Недаром кличка за ним укрепилась — «Филимон», и выразилось в ней не одно только стремление упростить фамилию; в имени этом, музыкальном и звучном, отдающим давней русской стариной, — весь характер его владельца, всё то, что можно бы окрестить и другим словом: простофиля. И та простота, что красит человека, и та простота, что хуже воровства. «Филимон!» — раздаётся вдруг чей-то голос в институтском коридоре. «Филимона, Филимона об этом спросите!» — раздражённо проговорит другой. И как бы люди ни относились к руководителю группы Импульса Филимонову Николаю Авдеевичу, в звучном стародавнем имени Филимон лишь глухой не услышит едва скрытую насмешку, окольный намёк на простоту — ту, что хуже воровства бывает.
Впрочем, сам-то Николай завидно равнодушен к кличке. И по тому, как он охотно на неё отзывается, как, растворив небесного цвета немигающие глаза, торопится вам навстречу и как потом долго доверчиво смотрит на вас всё тем же открытым немигающим взором, — и не дрогнут брови, не покроются даже мимолетно тёмным облачком его ясные, проникающие в душу очи, — по всему этому и по всей линии жизни его и поведения вы можете заключить: «Ах, как же метки бывают прозвища!.. Филимон! Одно только слово — и весь человек!»
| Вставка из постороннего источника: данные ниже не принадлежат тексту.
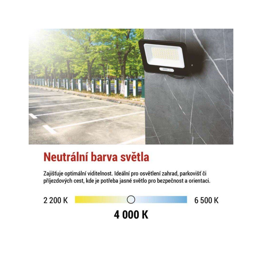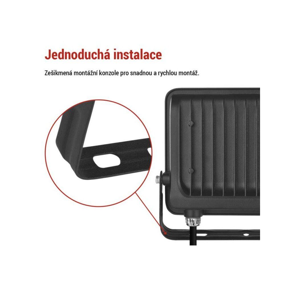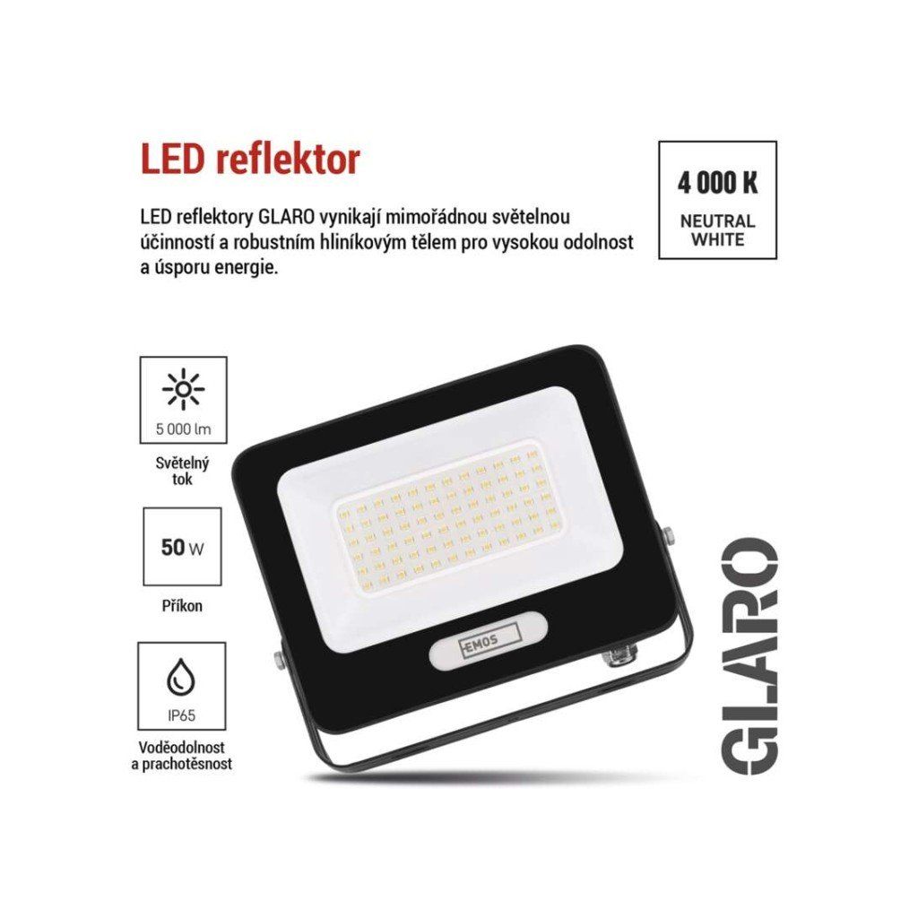 LED reflektor GLARO s příkonem 50 W poskytuje stálé a efektivní osvětlení s světelným tokem 5 000 lm a neutrální bílou barvou světla (4 000 K). Díky krytí IP65 a odolnému hliníkovému tělu je reflektor určen pro venkovní použití, odolává dešti, prachu a běžným povětrnostním vlivům. Jednoduchá montáž a nastavitelná montážní konzole umožňují rychlé nasměrování světla tam, kde je potřeba.

— Филимону наплевать! — проговорил Вася Галкин вслед шефу. — Ему хоть земля пополам тресни — ухом не поведёт.
— Ты это о ком? — спросил Шушуня, вымыв под краном руки и кидая нетерпеливые взгляды на дачу; он бы не хотел уходить, как Филимонов, ждал хозяев, чтобы показать им работу, встретиться с академиком, — втайне ещё надеялся посидеть с директором за столом, распить в обществе его домашних чашечку чая.
— Не в моих правилах осуждать начальство, но это всё-таки свинство, чёрт бы их побрал! Спасибо не скажут!